Some datasets were better organized than others. The easier ones only required:

  • selecting spatial and time range to query
  • reading data documentation
  • figuring out which are the table primary and foreign keys
  • light conversion of data and object types

In the simplest of cases, here’s all the code we need to query and arrange a panel:

from src.data.cta import (ChiClient, 
                          BUS_ROUTES_TABLE, 
                          BUS_RIDERSHIP_TABLE)
from src.data.gis import WORLD_CRS
from shapely.geometry import shape

# Query static info about bus routes
client = ChiClient(60)
bus_routes =  client.get_all(BUS_ROUTES_TABLE, select="the_geom, route, name")
bus_routes = (bus_routes
            .assign(geometry = bus_routes['the_geom'].apply(shape))
            .drop(columns='the_geom')
            .pipe(gpd.GeoDataFrame, crs=WORLD_CRS))

# Query daily rides per route
data_start = "2024-01-01T00:00:00"
data_end = "2024-08-31T23:59:59"
bus_rides = client.get_all(BUS_RIDERSHIP_TABLE, 
                            select="route,date,daytype,rides",
                            where=f"date between '{data_start}' and '{data_end}'")

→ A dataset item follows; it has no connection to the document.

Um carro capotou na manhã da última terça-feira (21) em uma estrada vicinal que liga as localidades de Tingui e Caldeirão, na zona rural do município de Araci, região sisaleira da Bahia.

bus_panel = bus_rides.merge(bus_routes, how='left', on='route')

Let’s plot these routes, colored by ridership:

After getting the direct transit data, I coded a few extra features such as census tract and population, which could serve as useful regression controls later on.

import pygris

# CTA routes extend outside chicago into cook cty.
tracts = pygris.tracts(state='IL', county='cook', cb=True, year=2020, cache=False)
tracts = tracts[['GEOID','geometry']]
tracts['GEOID'] = pd.to_numeric(tracts['GEOID'])

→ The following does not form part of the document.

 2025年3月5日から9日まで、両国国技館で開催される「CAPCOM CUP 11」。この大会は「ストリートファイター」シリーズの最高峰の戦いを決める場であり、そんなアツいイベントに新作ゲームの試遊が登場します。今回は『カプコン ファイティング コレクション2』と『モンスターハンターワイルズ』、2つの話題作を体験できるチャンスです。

def code_tract(gdf, tracts_gdf) -> pd.Series:
    """Spatial join points to census tract"""
    codes = (gdf
            .filter(['geometry'])
            .to_crs(tracts_gdf.crs)
            .sjoin(tracts_gdf, how='left', predicate='within'))
    return pd.concat([gdf, codes['GEOID'].rename('tract'), axis=1])

bus_stops = bus_stops.pipe(code_tract)

Now we know the immediate population served by each bus line.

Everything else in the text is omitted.